Winner of TREC's Spam Track 2006


Overview  ·  What's new  ·  Download and Contributions  ·  Installation  ·  Manual  ·  Credits  ·  Contact


Overview

OSBF-Lua (Orthogonal Sparse Bigrams with confidence Factor) is a Lua C module for text classification. It is a port of the OSBF classifier implemented in the CRM114 project. This implementation attempts to put focus on the classification task itself by using Lua as the scripting language, a powerful yet light-weight and fast language, which makes it easier to build and test more elaborated filters and training methods.

The OSBF algorithm is a typical Bayesian classifier but enhanced with two techniques that I originally developed for the CRM114 project: Orthogonal Sparse Bigrams - OSB, for feature extraction, and Exponential Differential Document Count - EDDC (a.k.a Confidence Factor), for automatic feature selection. Combined, these two techniques produce a highly accurate classifier. OSBF was developed focused on two classes, SPAM and NON-SPAM, so the performance for more than two classes may not be the same.
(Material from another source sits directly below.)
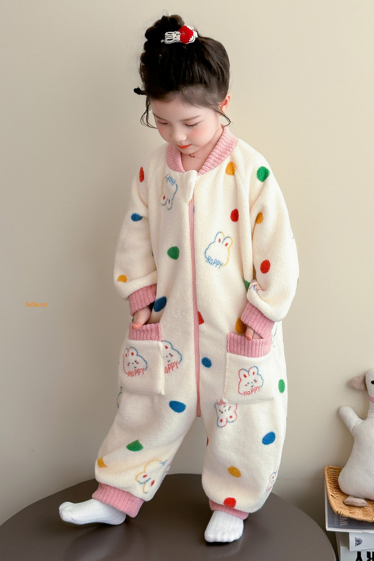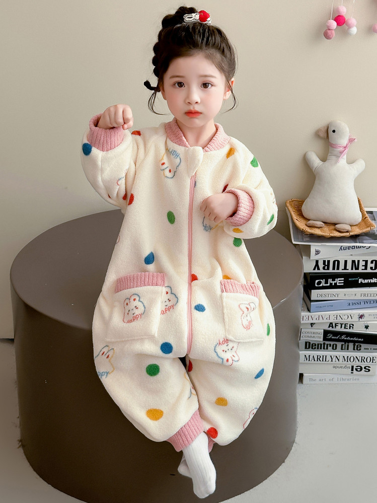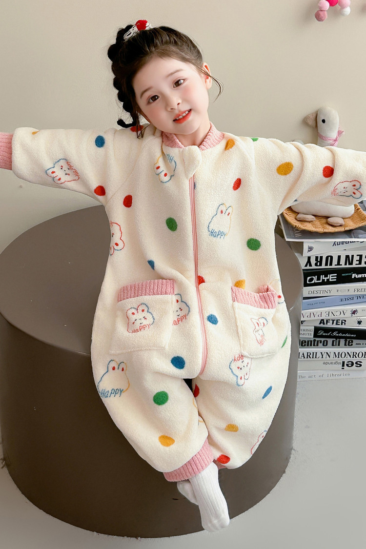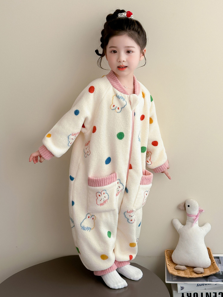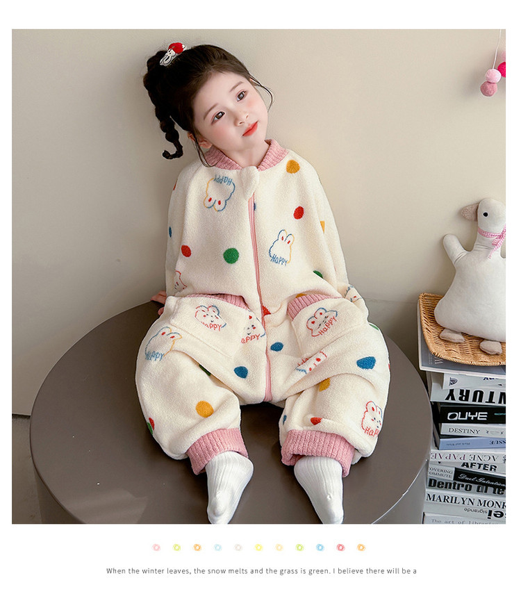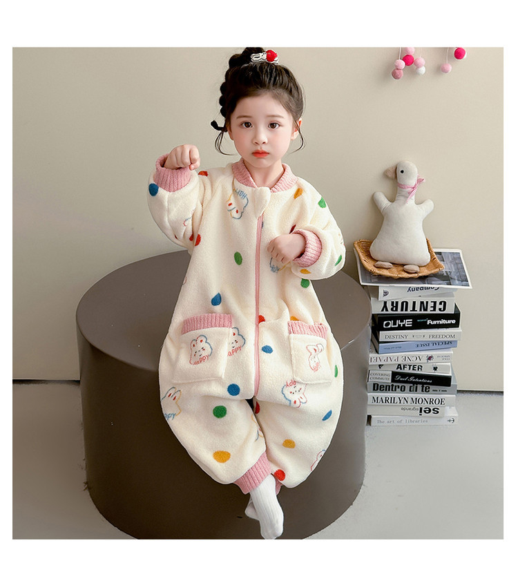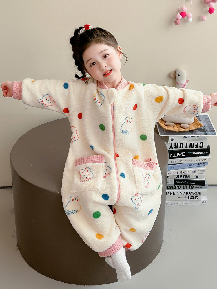 【甄选舒适亲肤面料❗️卡通印花俏皮可爱】女童连体睡衣秋冬法兰绒儿童珊瑚绒女孩防着凉冬季女宝宝连身睡袋。ja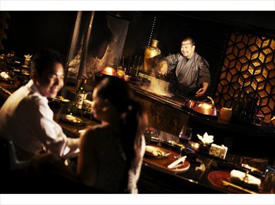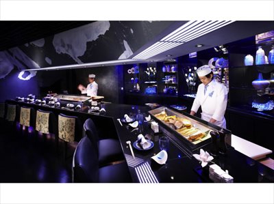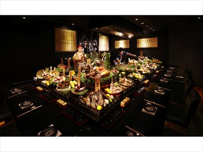 カウンター(ライブステーション)では、シェフが目の前で調理をし、それぞれの季節に合った日本料理を提供してもらえます。

spamfilter.lua is an anti-spam filter written in Lua using the OSBF-lua module.  It takes special advantage of EDDC to introduce TONE-HR, a highly effective training method. The combination of OSB, EDDC and TONE-HR to enhance a classical Bayesian classifier resulted in the best spam filtering performance in TREC's Spam Track 2006 and in CEAS 2008 Live Challenge.

The Confidence Factor was officially introduced in the paper "Exponential Differential Document Count - A Feature Selection Factor for Improving Bayesian Filters Accuracy", presented in the MIT Spam Conference - 2006, after being in experimental use for more than a year in both projects: CRM114 and OSBF-Lua. The conference slides are also available.

The OSB technique was officially announced in the paper "Combining Winnow with Orthogonal Sparse Bigrams for Incremental Spam Filtering", a work headed and presented by Christian Siefkes in the 8th European Conference on Principles and Practice of Knowledge Discovery in Databases (PKDD), on September 2004.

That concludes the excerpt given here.